A solution was made by dissolving 13.4 g of hydrated copper nitrate [Cu(NO3)2.3H20] in water and making it up to a volume of 250 mL. What is the concentration of NO3^-ions in the solution?
mol Cu(NO3)2.3H2O = grams/molar mass = ?
M = mols/L = ?mols/0.250 = ?
Then M NO3^- = twice that.
To find the concentration of NO3^- ions in the solution, we need to first calculate the number of moles of NO3^- ions present in the solution.
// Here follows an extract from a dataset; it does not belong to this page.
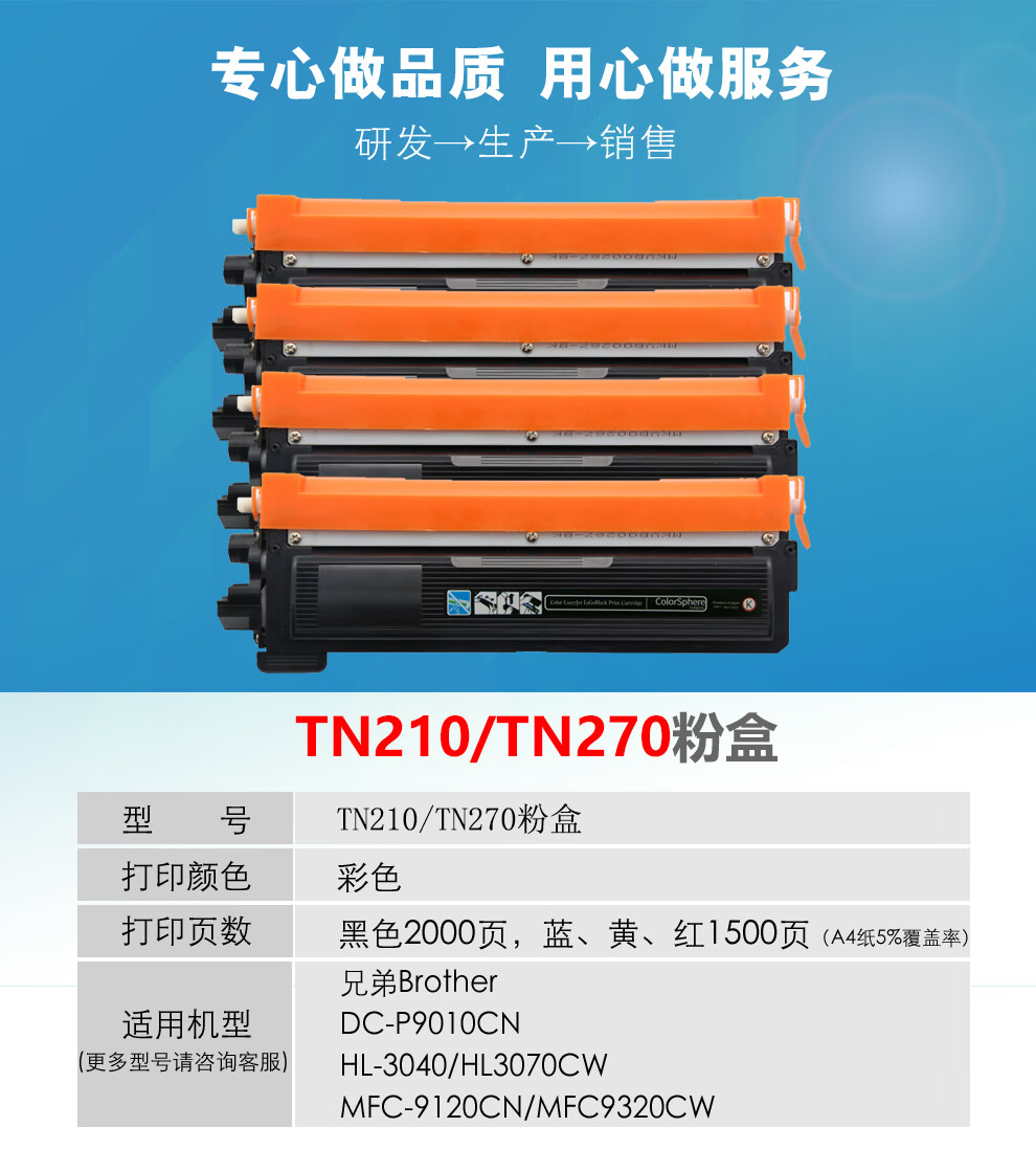金格/JG TN210Y 粉盒 黄色带芯片1500页 适用于兄弟DCP9010CN MFC9120CN MFC9320CW

1. Calculate the molar mass of Cu(NO3)2.3H2O:
- Molar mass of Cu = 63.55 g/mol
- Molar mass of N = 14.01 g/mol
- Molar mass of O = 16.00 g/mol
- Molar mass of H = 1.01 g/mol
- Molar mass of H2O = (2 * 1.01 g/mol) + 16.00 g/mol = 18.02 g/mol
- Molar mass of Cu(NO3)2.3H2O = (63.55 g/mol) + (2 * (14.01 g/mol)) + (6 * (16.00 g/mol)) + (3 * (18.02 g/mol))
= 249.57 g/mol
2. Calculate the number of moles of Cu(NO3)2.3H2O:
- Moles of Cu(NO3)2.3H2O = Mass / Molar mass
= 13.4 g / 249.57 g/mol
≈ 0.0536 mol
3. Since 1 mole of Cu(NO3)2 dissociates into 2 moles of NO3^- ions, we need to multiply the number of moles of Cu(NO3)2.3H2O by 2 to get the moles of NO3^- ions:
- Moles of NO3^- ions = 2 * Moles of Cu(NO3)2.3H2O
= 2 * 0.0536 mol
= 0.1072 mol
4. Finally, calculate the concentration of NO3^- ions in the solution:
- Concentration (molarity) = Moles / Volume
= 0.1072 mol / 0.250 L
= 0.429 M
Therefore, the concentration of NO3^- ions in the solution is 0.429 M.